Context
Operator surfaced live orchestrator logs on 2026-06-01 showing heavy-maintenance work never recovering after REM sleep graph extraction became active:
[2026-06-01T04:56:10.586Z] Deferring REM sleep graph extraction; heavy maintenance task primary checkout dev sync is active (periodic-dream:3600000).
[2026-06-01T04:57:37.145Z] Deferring agent OS backup; heavy maintenance task REM sleep graph extraction is active (periodic-sweep:86400000).
[2026-06-01T05:06:01.870Z] Deferring session summarization; heavy maintenance task REM sleep graph extraction is active (periodic-sweep:600000).
[2026-06-01T05:06:11.141Z] Deferring primary checkout dev sync; heavy maintenance task REM sleep graph extraction is active (periodic-sweep:600000).

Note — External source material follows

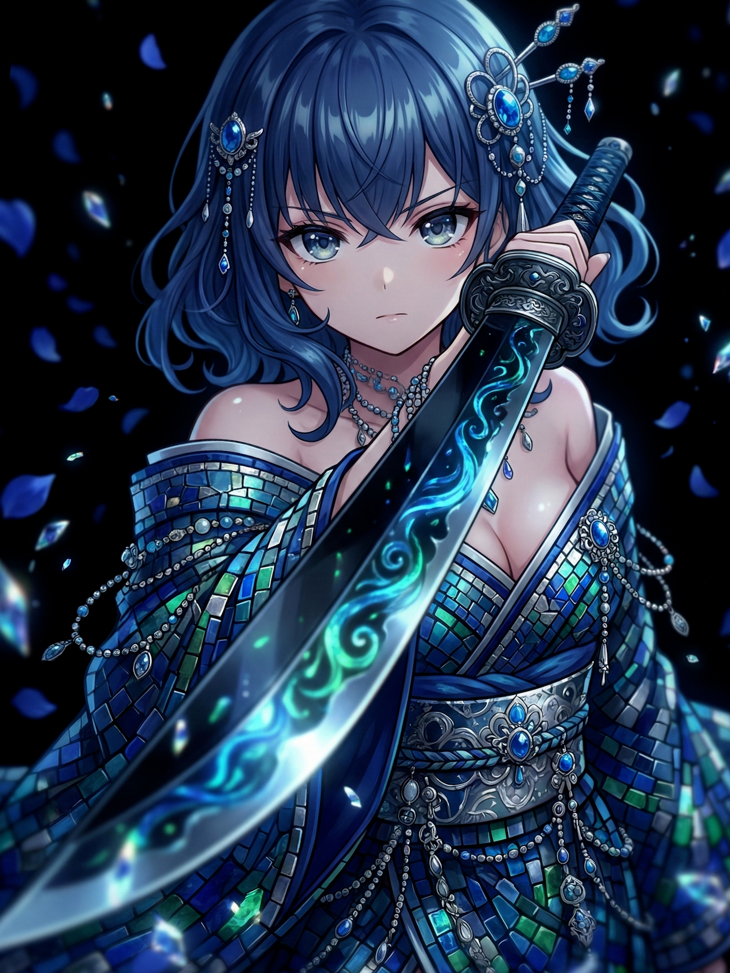 In some modern visual reinterpretations, chōseki no kai manifest as a yōtō — a blade etched with tidal lines. The sword appears to rise and fall with unseen water, embodying rhythm rather than strike.

Live V-B-A against the operator runtime found the heavy-maintenance lease in /Users/Shared/github/neomjs/neo/.neo-ai-data/orchestrator-daemon/heavy-maintenance-lease.json:
{
"owner": "dream",
"reason": "periodic-dream:3600000",
"pid": 99816,
"acquiredAt": "2026-06-01T04:56:13.701Z",
"staleAfterMs": 21600000,
"expiresAt": "2026-06-01T10:56:13.701Z"
}The PID was alive. This is not simply a dead PID stale-lock case.
The Problem
The current scheduler can launch REM cycles back-to-back when a REM cycle exceeds its own cadence. The latest completed REM run on the operator host was:
{
"runId": "rem-e47135e8-73dd-4456-8210-0ae3cd59bbad",
"reason": "periodic-dream:3600000",
"startedAt": "2026-06-01T03:28:18.681Z",
"completedAt": "2026-06-01T04:56:00.800Z",
"wallClockMs": 5262119,
"configuredCadenceMs": 3600000,
"cycleOverflowSignal": true,
"cycleOverflowRatio": 1.4616997222222223,
"outcome": "completed"
}Because CadenceEngine.shouldRunIntervalTask() compares now - lastRunAt to the interval, and TaskStateService.markCompleted() does not advance lastRunAt, an 87.7-minute REM run on a 60-minute cadence is immediately due again after completion. The overflow warning from #12088 exists, but it is telemetry-only; no scheduling backoff consumes it. Result: REM can monopolize the shared heavy-maintenance lane and repeatedly defer session summaries, KB sync, primary dev sync, backup, and Golden Path dependency work.
The Architectural Reality
Relevant surfaces verified during diagnosis:
ai/daemons/orchestrator/services/CadenceEngine.mjs: shouldRunIntervalTask({now, lastRunAt, intervalMs}) uses start-time cadence only.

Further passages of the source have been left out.